Rocky Smith, Sr. Solutions Architect for Government and Transportation, Cisco
Rocky has 20 years of experience in building, architecting, and maintaining IP networks. Rocky is the lead architect building Cisco’s approach for smart water and public safety. He has an extensive background in industrial cybersecurity, working with both public and private organizations across the globe. As the lead architect for Cisco’s smart water strategy, Rocky has worked closely with key players in the industrial space, including Cisco’s Cyber Vision and Talos Threat Intelligence groups. As the solutions architect for the Cities and Communities team in the Industry Solutions Group at Cisco, Rocky leads the buildout of the industry-relevant architectures used worldwide by Cisco engineers and partners. Having worked at Cisco for the past 14 years, Rocky has been supporting a range of industries, including utility and energy, state, local, public safety, enterprise, K-12 and higher education, healthcare, and retail.

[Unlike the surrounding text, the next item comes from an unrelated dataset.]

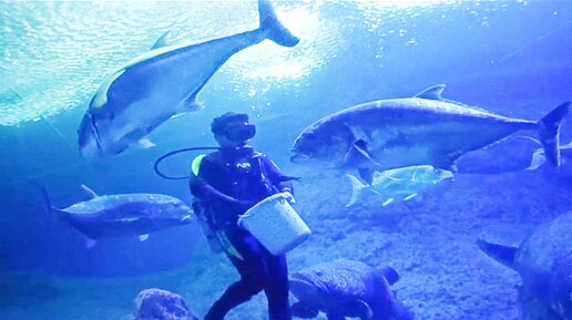 Кормление хищных рыб в океонариуме, Паттайя, Таиланд

Glen Price, Cyber Security Consultant, Jacobs
Glen has more than 16 years of experience in design, construction, and operation of complex industrial networks for water and power utilities, transportation, mining, and oil and gas across North America, Australia, and Asia Pacific. Glen has led the successful design and implementation of multiple secure SCADA server and network solutions with multiple HMI/PLC platforms over the past 8 years. He has extensive experience with the development and application of cyber risk management frameworks to track risk over time and consequences and align treatments to those solutions, and in doing so has armed business leaders and corporate champions with the tools they need to quantify the time and cost required to address risk and apply cyber security controls to automated environments. Glen also has experience helping clients with cybersecurity policies and procedures, automation security plans, building cybersecurity programs, network vulnerability assessments and evaluations, and SCADA master planning. He holds a bachelor’s degree in computer science and a master’s in cybersecurity from Edith Cowan University in Australia.

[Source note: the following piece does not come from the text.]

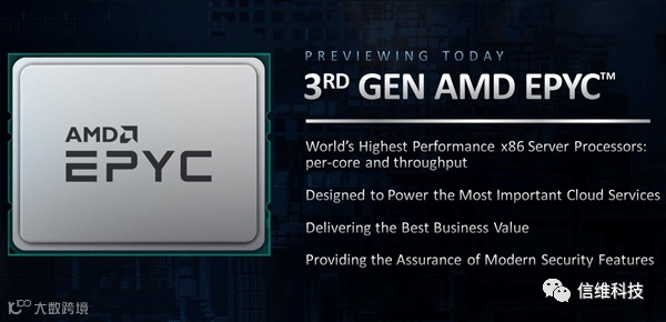 此外,三代EPYC还针对重要的云服务作了强化,可为客户带来最佳的商业价值(AMD似乎不用强调性价比了),同时还有更好的安全性。

Andrew McPhee, Cybersecurity/Technical Marketing Engineer, Cisco
Andrew is a technical marketing engineer for the Industrial Security team in Cisco’s Security Business Group. Andrew’s expertise spans across multiple industrial verticals, including water and wastewater, for assisting customers with the adoption of Cisco’s leading products such as Cyber Vision for OT visibility and Identity Services Engine (ISE) for segmentation. Andrew has a bachelor’s in mechatronic engineering and a master’s in electronic and computer engineering from Dublin City University in Ireland, giving him a balanced understanding of operations and modernized technology. Andrew has been with Cisco for 5 years and specializes in the broader industrial security portfolio. He spent 3 of those years working in automotive networking, where he was able to demonstrate the security risks of in-vehicle networks by hacking into production vehicles.